By David M. Greenwald
Davis, CA – One of the most critical findings in the Housing Element is that the city does not currently have “enough land designated for residential development to meet the sixth-cycle RHNA.” Moreover, “All of the sites identified to meet the lower-income RHNA are non-vacant sites. Although Measure J supports infill development, these sites are not sufficient to meet the lower-income RHNA [Regional Housing Needs Allocation].”
Further, “Even with the increased residential densities planned for the Downtown under the Draft Downtown Davis Specific Plan, the City will need to rezone additional sites to meet the RHNA.”
The Housing Element points out—again—“Had DISC [Davis Innovation Sustainability Campus] passed, the City would have sufficient sites to meet the sixth-cycle RHNA upon adoption of the Downtown Davis Specific Plan and would not need to rezone additional sites.”
This is the exact dilemma that the city faces—the city has basically run out of vacant infill land. They can still rezone land and they can still redevelop land.
I will unpack in a moment what this means from my perspective.
But let me know lay out a few points from the staff response to comments on the Housing Element.
The city has been assigned 2075 housing units this cycle. As staff points out: “When the city prepares the Housing Element Update to address the new RHNA assignment, it must show where the available residential properties are located.”
If there are not enough available sites, “the city must identify and rezone more sites within 3 years of adoption of the Housing Element. The sites identified to date are the candidate rezone sites to meet the shortfall.”
Because of the housing crisis, the state has “made the selection of sites more stringent.”
They write: “All sites must be viable and ‘ready for development’ meaning that if a city reports the inclusion of a site on its inventory, it must also show the reasonable likelihood of development.”

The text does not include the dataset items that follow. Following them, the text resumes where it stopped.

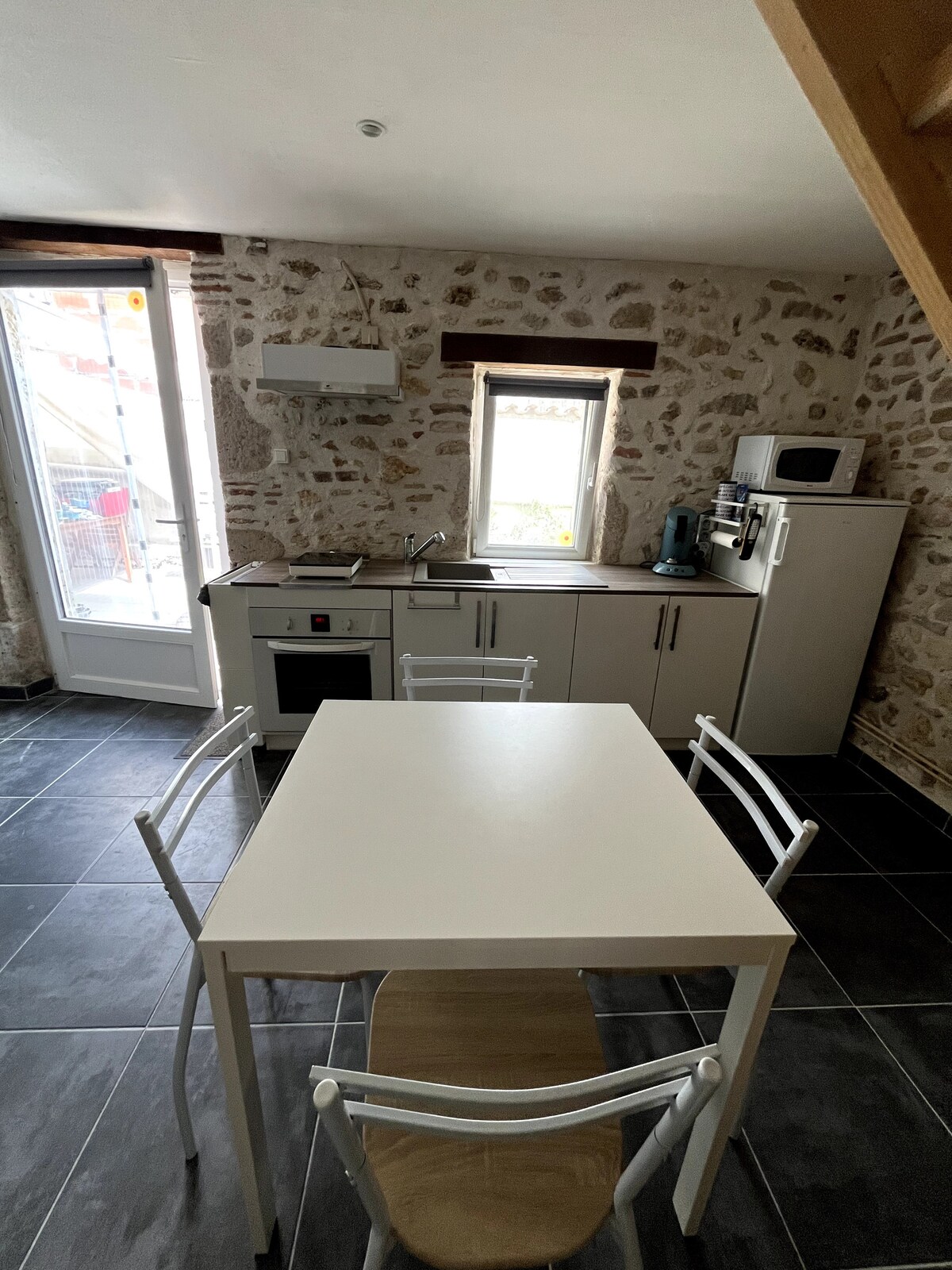 Evimiz 18-ci əsrə aid gözəl daş binadır, tamamilə təmir edilib. Sakit və geniş, hovuzu olan (mart-noyabr aylarında qızdırılır) və ətraf kəndlərin müstəsna mənzərəsi ilə kəndin mərkəzinə dərhal giriş imkanı da təklif edir. Mağazalar, barlar, restoranlar, ərzaq mağazası, market və hətta kinoteatr bir neçə dəqiqəlik məsafədədir.
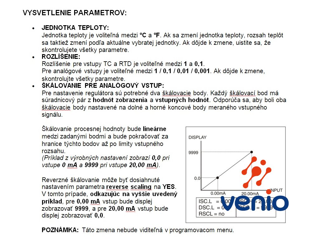Pre nastavenie regulátora sú potrebné dva škálovacie body. Každý škálovací bod má súradnicový pár z hodnôt zobrazenia a vstupných hodnôt. Odporúča sa, aby boli oba škálovacie body nastavené na dolné a horné koncové body meraného vstupného signálu. Škálovanie procesnej hodnoty bude lineárne medzi zadanými bodmi a bude pokračovať za hranice týchto bodov až po limity vstupného rozsahu. (Príklad z výrobných nastavení v o fotogalérii zobrazí 0,0 pri vstupe 0 mA a 9999 pri vstupe 20,00 mA). Reverzné škálovanie môže byť dosiahnuté nastavením parametra reverse scaling na YES. V tomto prípade, odkazujúc na vyššie uvedený príklad, pre 0,00 mA vstup bude displej zobrazovať 9999, a pre 20,00 mA vstup bude displej zobrazovať 0,0.
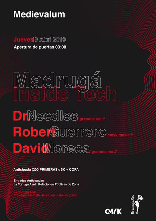 El jiennense DR NEEDLES, el isturgitano ROBERT GUERRERO y el linarense DAVID MORECA serán los djs encargados de hacer que la mejor música suene durante toda la noche. El evento, que tendrá lugar como decimos en Medievalum (Complejo Tortuga Azul), tendrá su apertura de puertas a las 03:00 de la noche, prolongándose la música hasta altas horas de la madrugada, con los primeros rayos de sol apareciendo en el horizonte. El precio de las entradas anticipadas es de 5€ (incluye consumición).
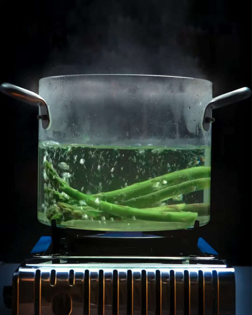 Gratin d’asperges, pommes de terre nouvelles, petits pois et brie, sauce rhubarbe

That means the PG&E site can’t count this time around, because PG&E has stated in writing they are not interested in selling the land or repurposing it.
The staff adds, “The sites selected, in the opinion of staff, have the most likelihood of development. If for some reason an adequate number of sites is not rezoned, then the city will be out of compliance with its General Plan, putting in jeopardy the ability to apply for grant funding and possibility the approval of other projects in the city.”
They further write: “It is true that simply rezoning a site does not mean units will actually be built. That is the reason why the city has an entire element designed to include policies that will further the production of housing. However, the City is not in the business of constructing housing. Therefore, it must rely on private developers to meet all of the requirements laid out by the city. And if the requirements are too burdensome, the affordable housing will not be built.”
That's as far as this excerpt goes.